[PATCH 7/7 V2] workqueue: add get_node_unbound_pwq()

From: Lai Jiangshan
Date: Tue May 12 2015 - 08:29:33 EST


The calculation and allocation of per-node pwq code in
apply_workqueue_attrs() and wq_update_unbound_numa() are highly similar,
we merge them into get_node_unbound_pwq().

wq_calc_node_mask() is only used for this calculation and allocation,
so it is also moved into get_node_unbound_pwq().

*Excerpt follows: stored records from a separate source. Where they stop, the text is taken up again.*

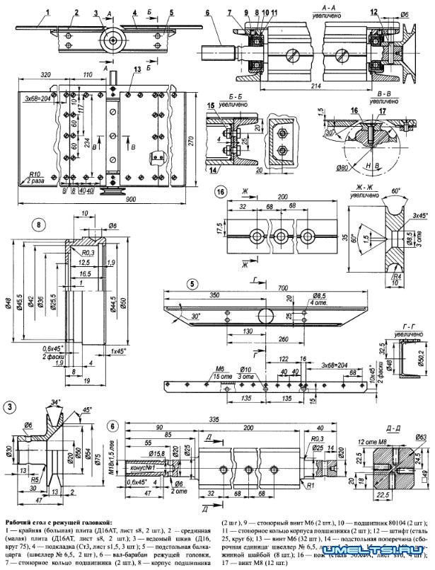 Большинство деталей и узлов доступны для изготовления своими руками в условиях домашней мастерской. Однако некоторые узлы, например режущую головку, лучше заказать специалистам.
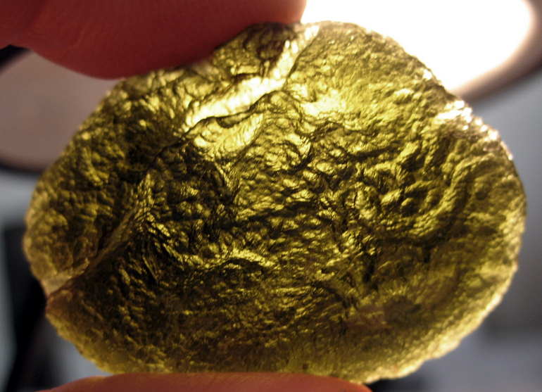 Die Chinesen habe vor Jahren damit begonnen, Moldavite aus grünem Flaschenglas herzustellen. Das Glas wird eingeschmolzen und mit "Verunreinigungen" versetzt. Und jetzt kommt der eigentliche Trick: Man hat aus sehr vielen echten Moldaviten Gussformen hergestellt.
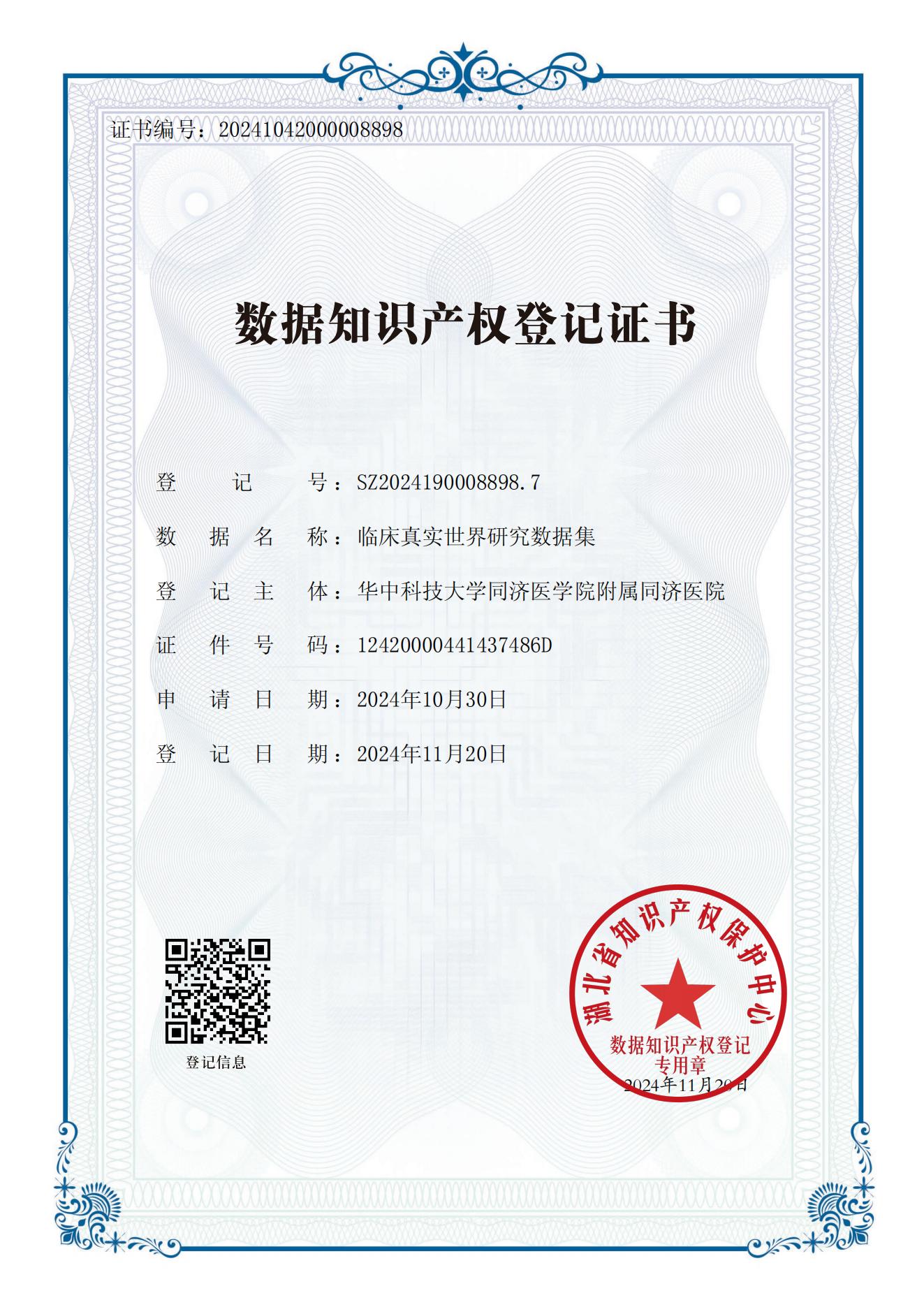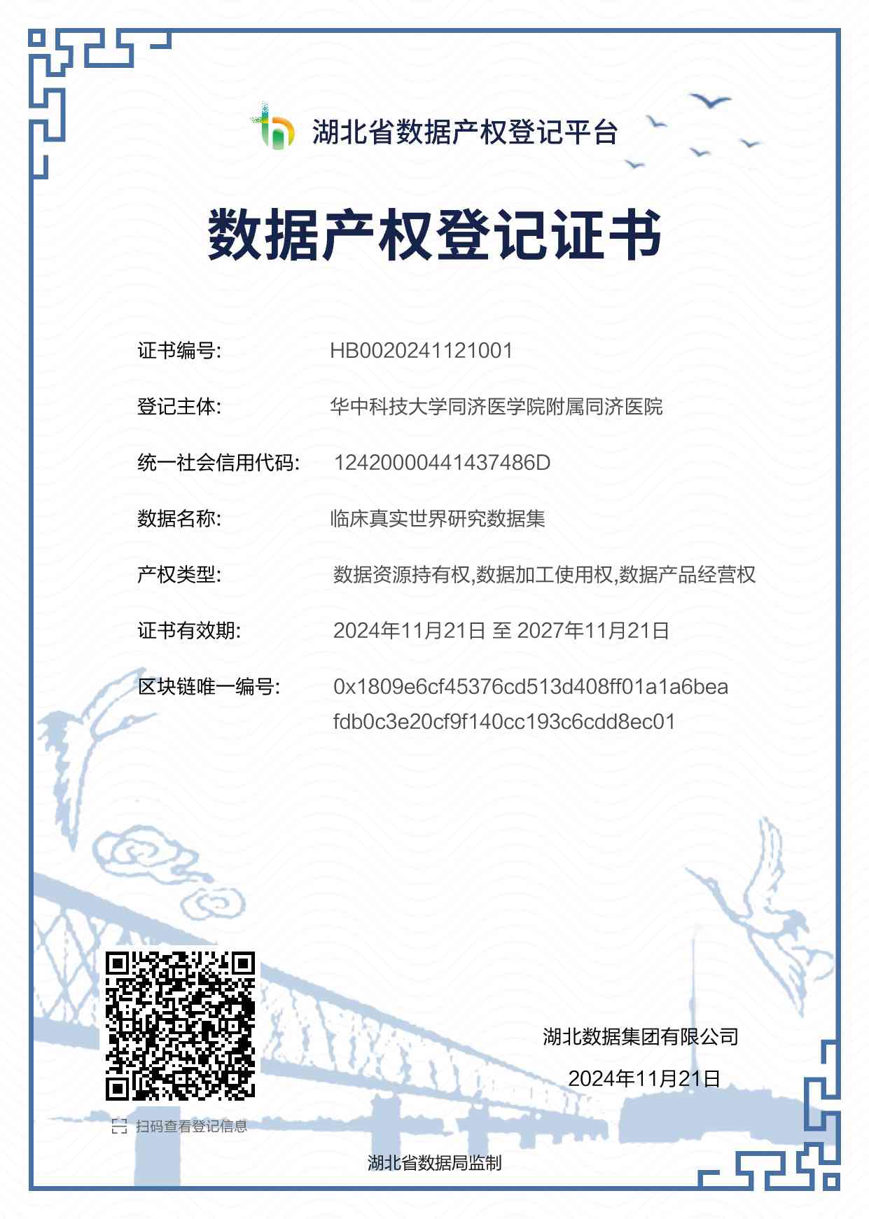 此次“双登记”数据集为“临床真实世界研究数据集”,该数据集是同济医院依托医院大数据平台,对临床健康医疗数据进行汇聚、治理与管理的基础上,经过严格的脱敏处理及安全加密,形成了标准化、高质量、匿名化的数据集,确保了数据的安全性和合法性,有利于推动数据资源的开放共享与安全利用。

The only changed behavior (overhead introduced!)
Any reusage of old pwq will introduce get_pwq()/put_pwq() and
corresponding lock overhead. The behavior of apply_wqattrs_prepare()
is still unchanged, but the wq_update_unbound_numa() is changed
when the current node pwq is reused. Comparing to the old behavior,
wq_update_unbound_numa() introduces 3 pairs of lock()/unlock()
operations and overhead when the pwq is unchanged. Although
cpu-hotplug is cold path, but this case is likely true in
the cpu-hotplug path.

Signed-off-by: Lai Jiangshan <laijs@xxxxxxxxxxxxxx>
---
kernel/workqueue.c | 126 ++++++++++++++++++++---------------------------------
1 file changed, 47 insertions(+), 79 deletions(-)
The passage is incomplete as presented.